# 9.2. `nvmath-python`: Kernel fusion

Some computational problems have lower compute to memory access instructions ratio, which can often be addressed by lowering the number of memory accesses via kernel fusion. This exercise illustrate how `nvmath-python` inherently fuses simpler operations into a single composite kernel.

We illustrate this on the example of neural network propagation and the fast Fourier transfer example.

## Advanced `matmul` with bias and epilog
Based on **Exercise 9.1**, it is not clear why one would need to use `nvmath-python` for matrix multiplications. Indeed, for basic `matmul` operation using `nvmath-python` alongside CuPy does seem an overkill. However, in scientific computing applications and AI, `matmul`s are often used in combination with other operations.
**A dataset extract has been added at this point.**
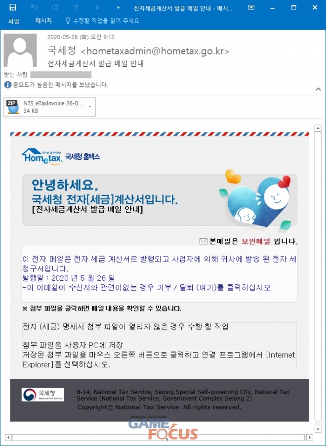 이번 공격은 악성 파일을 첨부한 이메일을 특정 대상에게 발송하는 '스피어 피싱' 이메일 공격 방식을 사용하고 있다. 특히 기존 국세청 홈택스(hometax) 사칭 공격에서 한 단계 진화해, 발신지 주소까지 실제 홈택스 도메인(hometaxadmin@hometax.go.kr)처럼 정교하게 조작한 것이 특징이다.

For example, in neural networks quite a common usage pattern is as follows.

**Matrix-Matrix Multiplication with Bias and ReLU:**

$$C = \text{ReLU}(A \cdot B + b^T)$$

where:
- $A \in \mathbb{R}^{m \times k}$ is the input matrix
- $B \in \mathbb{R}^{k \times n}$ is the weight matrix  
- $b \in \mathbb{R}^{m}$ is the bias vector (transposed and broadcasted to $m \times n$)
- $\text{ReLU}(x) = \max(0, x)$ is the Rectified Linear Unit activation function
- $C \in \mathbb{R}^{m \times n}$ is the output matrix

The bias vector $b$ is transposed to $b^T \in \mathbb{R}^{m \times 1}$ and automatically broadcasted across all columns of the result matrix. The ReLU function is applied element-wise to the result of the matrix multiplication plus bias.



In [None]:
import cupy as cp

# Define the ReLU function
def relu(x):
    return cp.maximum(0, x)

# Matrix dimensions
# m, k, n = 2, 5, 4
m, k, n = 2000, 1000, 4000

# Create input matrix A (m x k)
A = cp.random.randn(m, k)

# Create weight matrix B (k x n)
B = cp.random.randn(k, n)

# Create bias vector b (m,) that will be transposed and broadcasted to (m x n)
b = cp.random.randn(m)

# Implement the formula: C = ReLU(A * B + b^T)
# Kernel 1: Matrix multiplication
matmul_result = cp.matmul(A, B)

# Kernel 2: Add bias (broadcasting happens automatically)
bias_result = matmul_result + b.reshape(-1, 1)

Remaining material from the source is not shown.